Guide: Deploy Microsoft Defender using Atera.

lauri.kinnunen

Hi,

We have a customer that does not have Configuration Manager and no Intune.
I was tasked to Deploy Microsoft defender to all customer machines ~20 (including 1 server)
Microsoft states that this method is not suitable for deployments of over 10 or more devices, i had not issues.

After applying Defender P1 licenses to m365 tenant i was able to download the installation CMD.

I needed to edit the WindowsDefenderATPLocalOnboardingScript.CMD to make it work, here are the required edits to make the script to run smoothly.

1. Remove the user consent and pause from the script

Open the CMD file using any text editor
Remove Rows 8 - 19
:USER_CONSENT
set /p shouldContinue= "Press (Y) to confirm and continue or (N) to cancel and exit: "
IF /I "%shouldContinue%"=="N" (
GOTO CLEANUP
)
IF /I "%shouldContinue%"=="Y" (
GOTO SCRIPT_START
)
echo.
echo Wrong input. Please try again.
GOTO USER_CONSENT
echo.
Remove Row 185
pause

2. Upload the modified script to desired location (i used azure blob storage)

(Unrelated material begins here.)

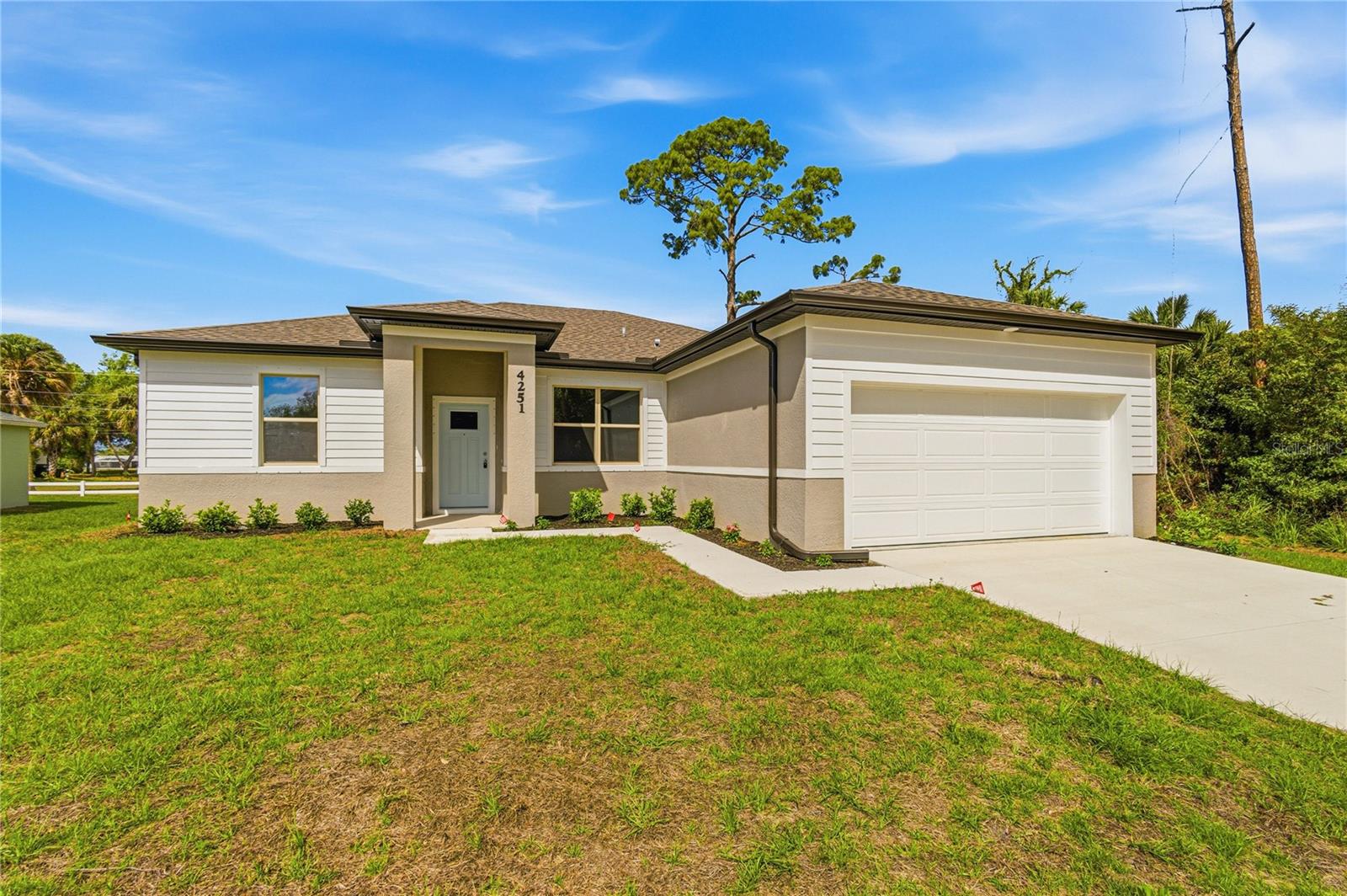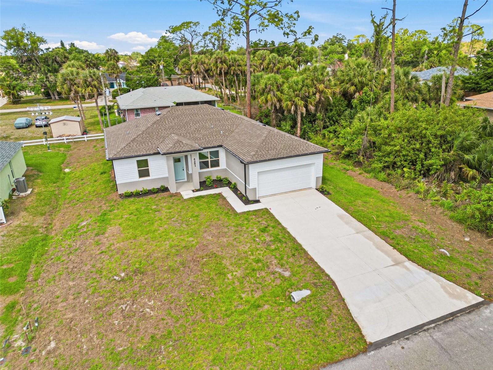 Excellent price with luxury features and move-in ready! A brand new home with city water and septic system in North Port - no HOA fees! Great location! Ideally located for quick access to Highway 41, shopping, schools, medical facilities, Warm Springs Park, and the Aquatic Park. This affordable new home is ready for you and is just what you've been looking for... No HOA fees and city water! This home features 9-foot ceilings, a spacious and open layout with a versatile floor plan. The home has 4 bedrooms, 2 full bathrooms, a formal dining room, a living room, an open kitchen, and a two-car garage, with 1,810 square feet of living space. The living space is well-utilized, with high ceilings and numerous windows providing natural light. The interior finishes will provide you with the quality and luxury you were looking for in your new home. This home has a split floor plan, with the primary suite on one side and the guest bedrooms on the other. The primary bedroom has tray ceiling and large windows allowing for plenty of natural light. You will also enjoy a spa-like bathroom with a spacious walk-in shower with floor-to-ceiling tiled walls and a glass enclosure. It also features a linen closet, a double vanity, and a large walk-in closet. The living room has large windows and several LED light fixtures providing ample light, with access to the covered lanai. The living room is open to the kitchen, where you will find a large center island with additional seating for casual dining and plenty of cabinetry. The kitchen features stainless steel appliances, Shaker-style cabinets with crown molding , decorative hardware, a subway tile backsplash, and granite countertops. The dining room is located at the front of the house, with large windows allowing for abundant natural light. The home includes luxury vinyl plank flooring in the main living areas and bathrooms for durability and comfort. You'll love these floors! They are easy to maintain and offer a modern design, perfect for new homes. Other features include the same beautiful Shaker-style cabinets with hardware and granite countertops in the bathrooms, 5-inch baseboards, a garage door opener, exterior gutters, R38 insulation, a 16 SEER HVAC system, and much more. Visit our showroom and compare the features and quality to other homes, and you'll see the difference. We make buying easy for you! The photos and videos are the same floor plan, but different location.

3. Create script to download and run this script on machines here is an example:
$date = Get-Date -format yyyyMMdd_hhmmss
$path = "c:\temp"
$FullPath = $path + "Scheduler_log_" + $date.ToString() + ".txt"
if(!(test-path "C:\temp")) {
write-host "Create folder c:\Temp"
mkdir "C:\Temp"
} else { write-host "Folder exist"}
Start-Transcript -Path $FullPath
$DownloadUri = {[DownladURL]}

Write-Host "Download Deployment for Defender For Endpoint"
Invoke-WebRequest -Uri $DownloadUri -OutFile "c:\temp\WindowsDefenderATPLocalOnboardingScript.cmd"
Write-Host "Deploy Defender for Endpoint"
cmd /c "c:\temp\WindowsDefenderATPLocalOnboardingScript.cmd"

Stop-Transcript

I hope this is useful!

gilgi

Thanks Lauri!
I think that it should also be available with the upcoming WinGet installer, but this is solid help!